Он, несомненно, повлиял на Мериме, которого я очень люблю, но вряд ли на кого-то другого. В русской литературе нет никого ему подобного, может быть только Короленко и, странным образом, Чехов-драматург, у которого романтизм всегда прячется за ироническим восприятием абсурдной действительности.

— О Мериме говорить нечего: это понятно; их дружба не случайна; тут было и прямое ученичество, недаром Мериме — умнейший из писателей своего поколения… и словно бы не совсем француз. О Чехове и Короленке не спорю, хоть и не могу ответить немедленным да; нужно приглядеться. Но в России Стендаль в первую очередь повлиял на Толстого. То, что Вы называете сдержанностью и элегантностью, не совсем ценилось во Франции в эпоху, когда воцарился Гюго. (Вот уж действительно «великий писатель»! — Это я воспроизвожу по памяти ироническое восклицание Андрея Жида …да-да; я убеждён, что правильно не Андрэ, а именно Андрей, — решитесь ли возразить? Сегодня Гюго только смешон, а ведь в каждом французском городе есть улица Виктора Гюго, как в Совдепии — улица Ленина… что и понятно: Гюго творил для народа.) Но Толстой, если говорить о стиле, увидел и взял у Стендаля естественность, простирающуюся до некоторой сумбурности в организации текста, до небрежности, вытекавшей у Стендаля из скорописи. Сам Толстой, в отличие от Стендаля, писал медленно, переписывал по множеству раз — и при этом сознательно имитировал скоропись Стендаля, устраивал свои фразы так, чтоб они были неказисты, чтобы в них — недопустимая небрежность! — повторялись местоименные прилагательные типа который (оттого-то самонадеянные читатели и говорят обычно: «Если б я писал прозу, я писал бы, как Толстой»). В России, сколько вижу, одному Куприну после Толстого удавалась такая стендалевская проза, но он, конечно, не у Стендаля учился, даже, пожалуй, и не у Толстого, а просто был так устроен: неглубок, но дивно естествен… Если говорить о философии жизни и литературы, Толстой у Стендаля взял ещё и отношение к войне, осмысление батальных сцен. Между юношей Фабрицио под Ватерлоо и Колей Ростовым — прямая связь; разве нет?
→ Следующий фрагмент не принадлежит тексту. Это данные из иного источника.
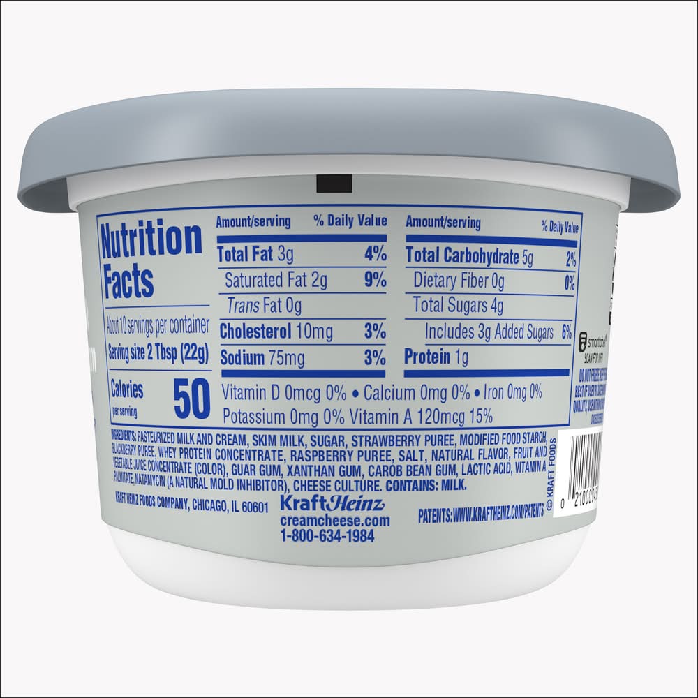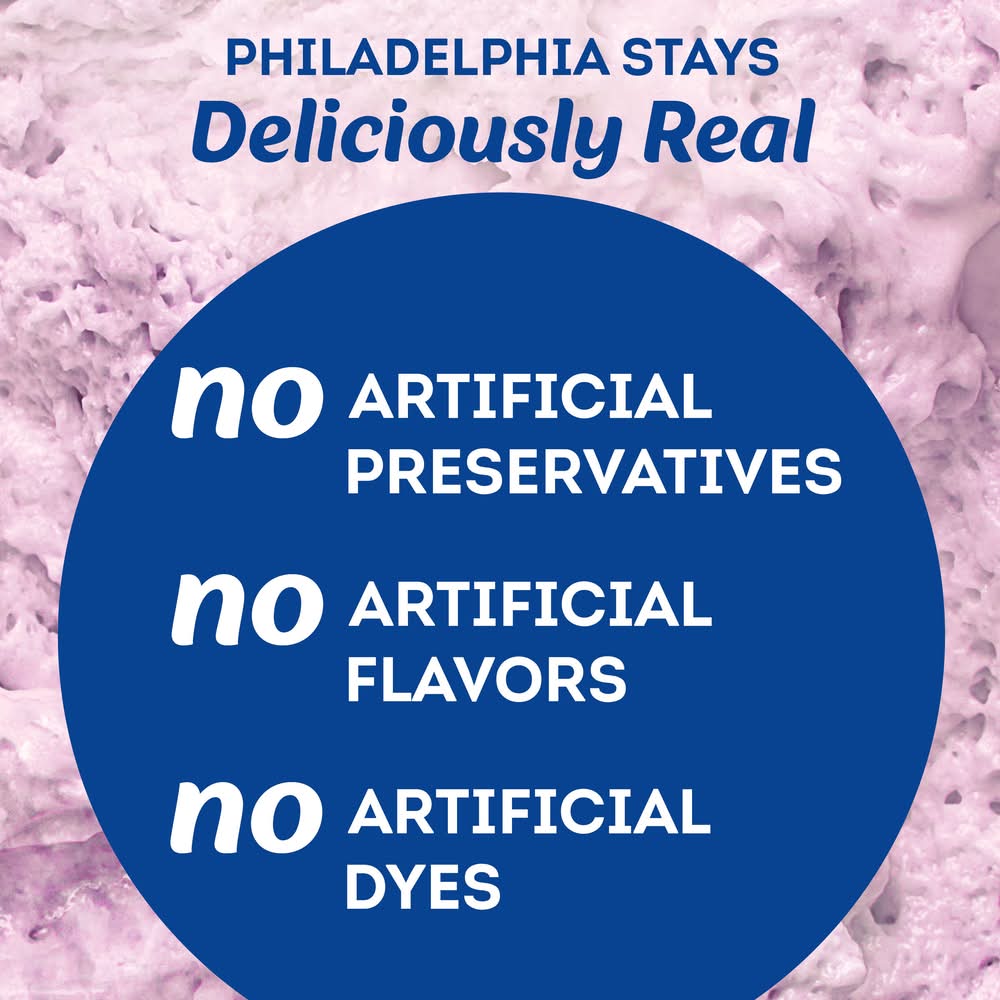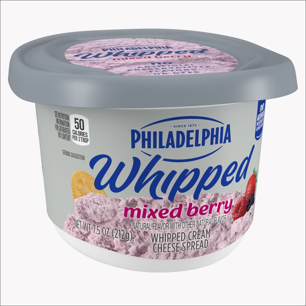 Dive into immersive pleasure with Philadelphia Mixed Berry Whipped Cream Cheese Spread. Fresh milk, real cream and berries are whipped for an extra creamy, multi-dimensional taste you can add to any meal. At Philly, we leave out the artificial preservatives, flavors and dyes to ensure a rich, quality flavor. Our light and fluffy whipped berry cream cheese spread is easy to spread, making it the perfect choice for adding to your morning bagel or dipping your favorite fruits. Keep our 7.5 ounce reclosable container of cream cheese spread refrigerated. With Philadelphia Cream Cheese Spread, enjoy a rich, creamy experience you don't just taste, you feel. • Flavor: Mixed berry • Kraft heinz foods company, Chicago,IL,60601,USA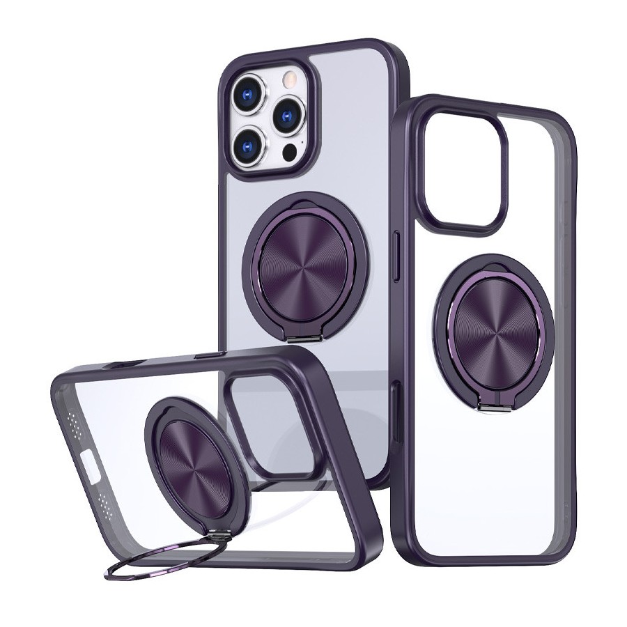 TPU+PC чохол Metal Ring with MagSafe для Apple iPhone 16 Pro (6.3") Темно-фіолетовий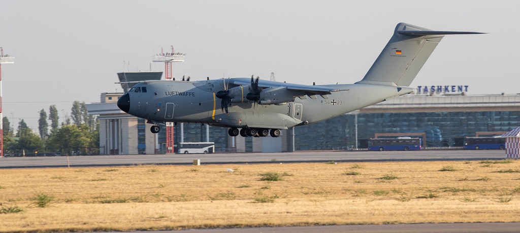 △一架德国联邦国防军运输机降落在乌兹别克斯坦首都塔什干(图片来源:德国联邦国防部)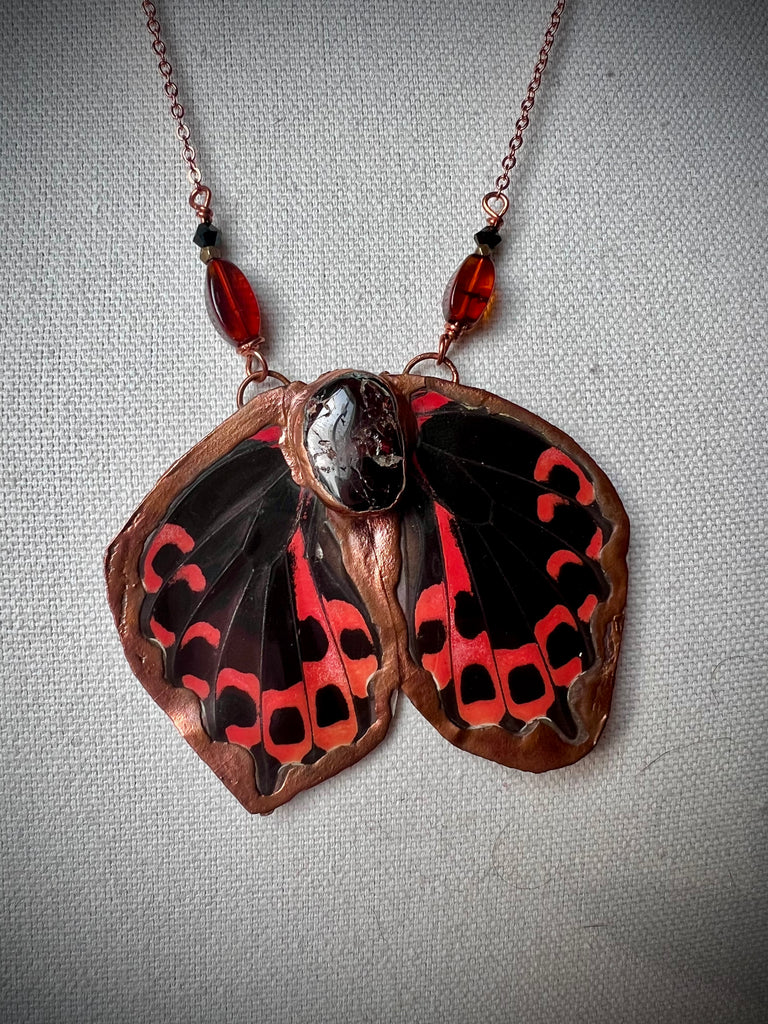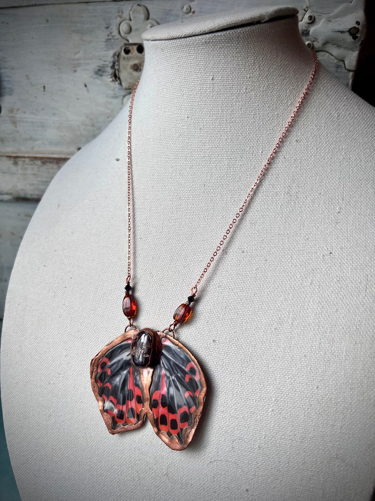 Electroformed Crimson Patch Butterfly on a rose gold plated Copper Chain Necklace.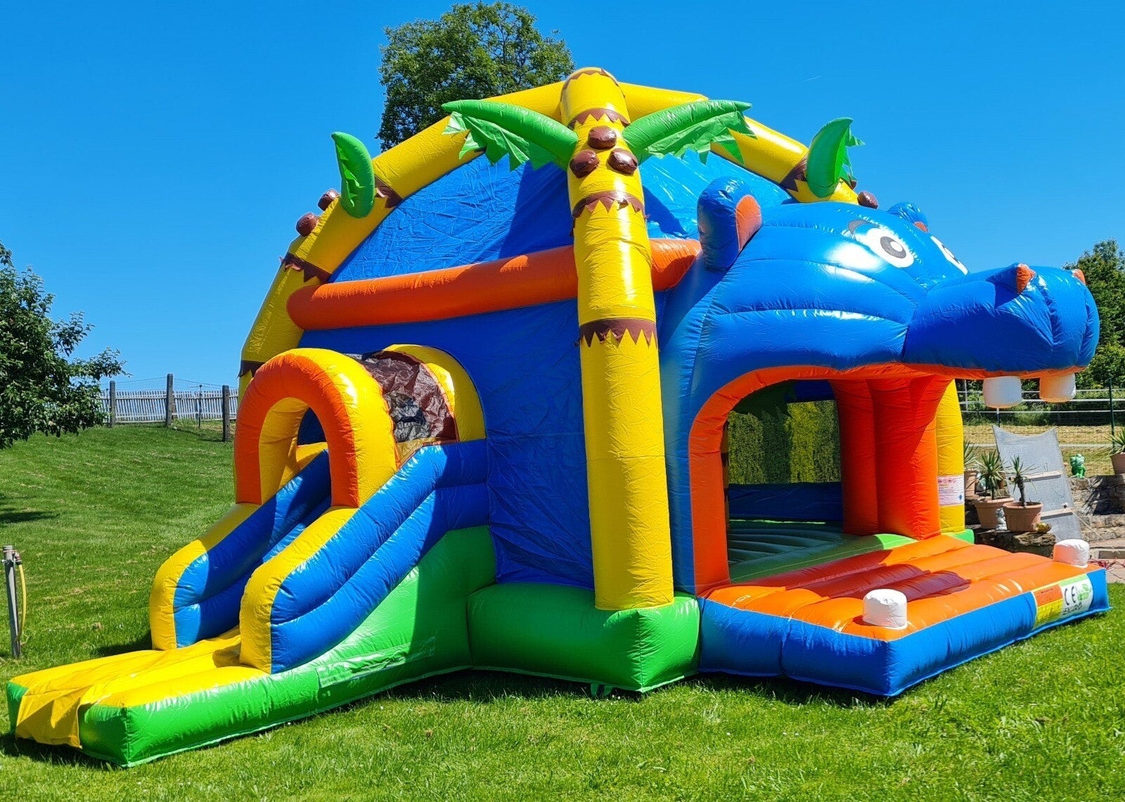Unsere Hüpfburg Hippo mit einer Maße von 5m x 5,50 m

Я матерюсь естественно и виртуозно, но не разбазариваю мат на пустяки. В момент душевной бури или высшего блаженства, я оглядываюсь вокруг, и пред лицом судьбы, у меня вырывается "ё-ма-ё"!!!
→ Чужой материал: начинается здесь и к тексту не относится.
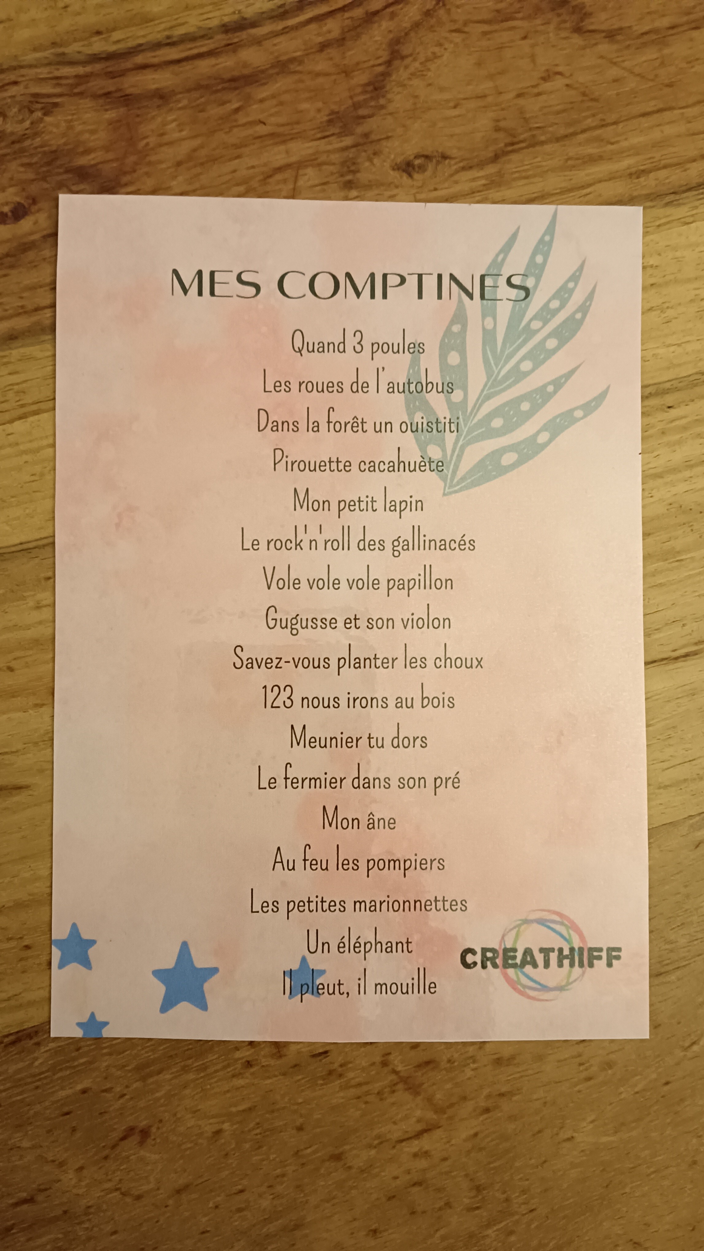 Ce lot est composé de 17 coussins à comptines de 10cm de côté en feutrine normes jouets EN71-3. Vous pouvez voir la liste sur la fiche produit.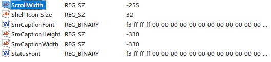 컴퓨터\HKEY_CURRENT_USER\Control Panel\Desktop\WindowMetrics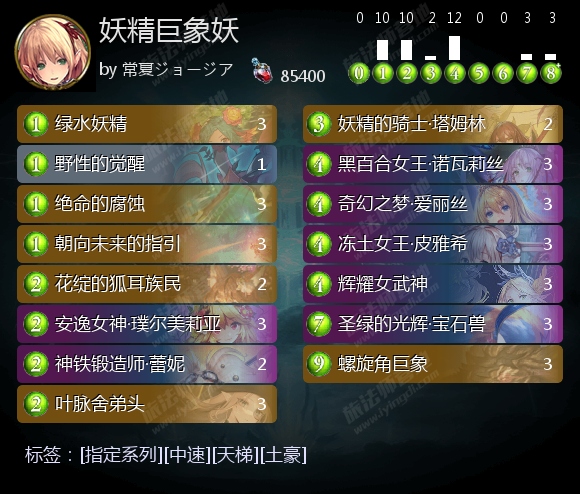 在DLC刚更新的时候,妖精妖曾一度流行,在社区中出现了许多连胜分享。时过境迁,由于被狂乱鬼等天敌压制,妖精妖如今已经比较少见,如果依然想玩的话,建议投入螺旋角巨象以博取更高上限。

— Вы, Сережа, сплошной Sturm und Drang. Но по отношению к мату Вы в толпе, с толпой. Какой же русский не скажет о себе: «я матерюсь виртуозно»? Остановите первого встречного. Все этим гордятся; все, кроме меня. Я остаюсь при своём. Не то чтоб я не был с толпой в юности, но, войдя в возраст, я сказал себе, предвосхищая арафатовское enough is enough is enough: больше не хочу этого; не хочу низости и цинизма; их и без того вокруг предостаточно. И не хочу двух речевых пластов в моей жизни: для одних одно, для других другое. Хочу быть последовательным и цельным. Что до Вашей способности оглянуться вокруг в момент высшего блаженства, то она умилительна. Ещё добавьте: «с холодным вниманием», и будет совсем шарман-шарман.

[Я писал Брауну: «…меня давно интригует этот скандинавский суффикс СК: параллельно ли он попал в польский и русский языки из северного языка или в русский язык попал из польского? (Ещё мне кажется, что русский суффикс ИЧ и украинский ЧУК происходят от СК.)». Браун отвечает:]
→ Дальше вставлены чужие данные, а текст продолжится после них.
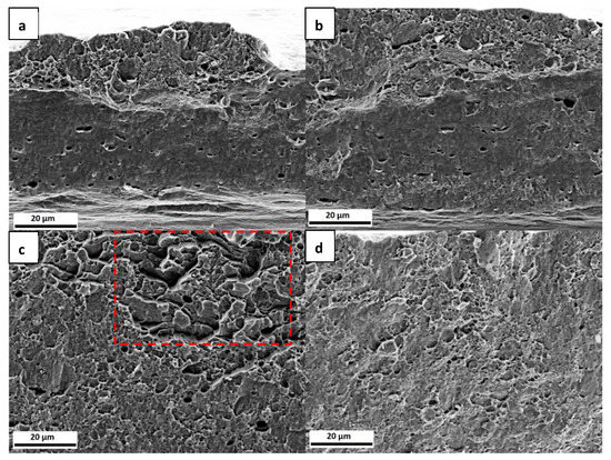 Figure 11 displays the fracture surfaces of the tested samples within the reduced thickness area. Although all of them failed in a ductile manner, they exhibited less degree of necking than the uncharged specimens and there were some differences at the microscopic level. Figure 11a,b shows a very similar morphology. While the upper part of the surfaces exhibit the presence of dimples, the lower parts show a rather smooth surface with less dimples. Figure 11c, on the other hand, shows a mixture of dimples with areas (marked with a box) that could be shear fracture or grains specially oriented. In Figure 11d, the fracture surface morphology is more uniform than the previous cases, being dominated by the presence of small dimples.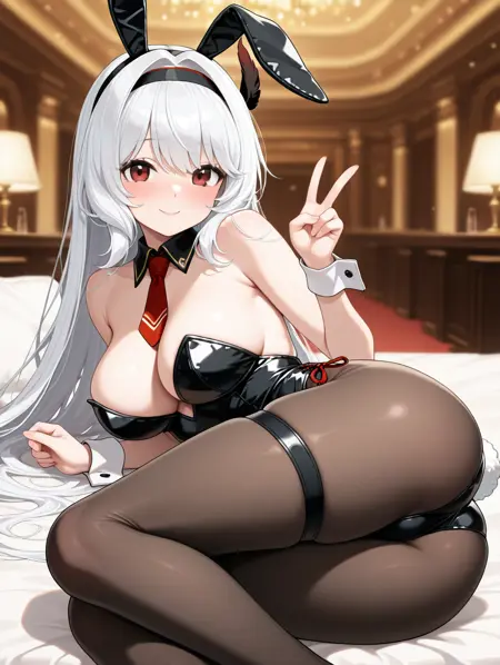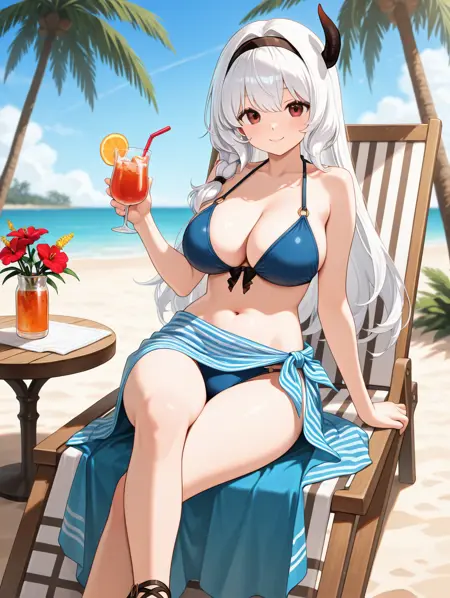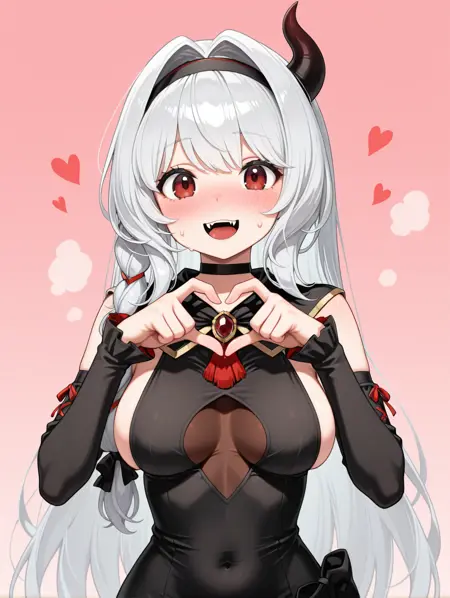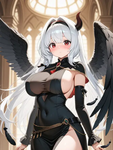 priscilla, 1girl, solo, long hair, white hair, hairband, horns, sideboobs, black hairband,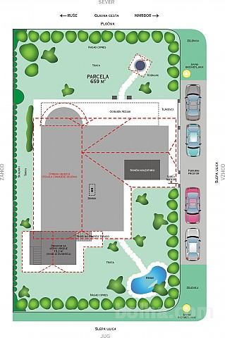 Kompletna parcela je ograjena in s treh strani obdana s posebnimi cipresami, vrste SMARAGD (cca. 120 cimpres), ki nikoli ne porjavijo.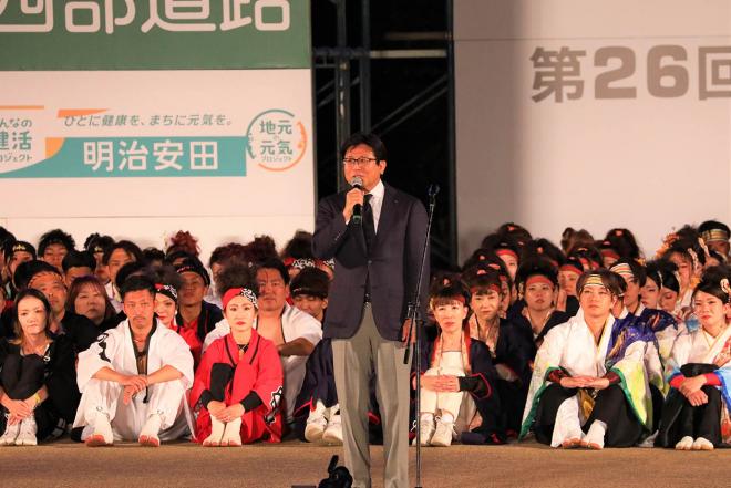 第26回YOSAKOIさせぼ祭りであいさつする市長

«Юрочка, Вы неисправимый романтик. Все германские языки пришли из Скандинавии и совсем недавно. В них произошли многие фонетические и грамматические сдвиги, но мало морфологических. Суффикс –ск существует во всех германских языках. Вам было достаточно взглянуть на слово Cornish или English — Энглисх-Энглиск. То же в немецком: Deutsch — Даутск, руссиск. Но на этом дело не останавливается. Говорить по-латышски: runāt latviski, по русски — krieviski — кривически. То же во всех славянских языках. Несомненно, этот суффикс существовал в прото-славо-балто-германском языке еще в Моравии, где пути носителей этих языков разошлись. Мне лень было копать в сети — это и Вы сами можете сделать, но, на мой взгляд, этот суффикс есть и в романских языках. Тedesko, portugues, anglais — везде чуется -ск. Скорее всего, он общий прото-индоевропейский. Я могу утвердительно ответить и на Ваш второй вопрос. Вы уже видели, что во многих германских языках старый –ск перешел в шипящие –ч, -ш, хоть написание и сохраняет исконный суффикс. Корневому -ск в латышском всегда соответствут –ш, -ч или –щ в русском: skaidrs — щедрый, skābe (кислота) — щавель, skaits — счёт. По сути дела, по смыслу –ск — суффикс не столько притяжательный, сколько частный — русский [есть] часть Руси, курский — частный случай курян, а Степаныч — частный случай потомков Стёпы…»

— Спасибо за этот чудный лингвистический очерк, Серёжа. Не то чтоб всё это было новостью для меня, но уточнения и примеры — замечательные и поучительные. От иных дух захватывает. Как мило, что русский по-латышски — кривич! Сегодняшние жители Путляндии почти поголовно все кривичи… хотя и моё определение — великопуты — работает. (К слову сказать, термин Путляндия, по слухам, уже подхвачен, но принадлежит он мне, так и знайте; заявляю на него авторские права.)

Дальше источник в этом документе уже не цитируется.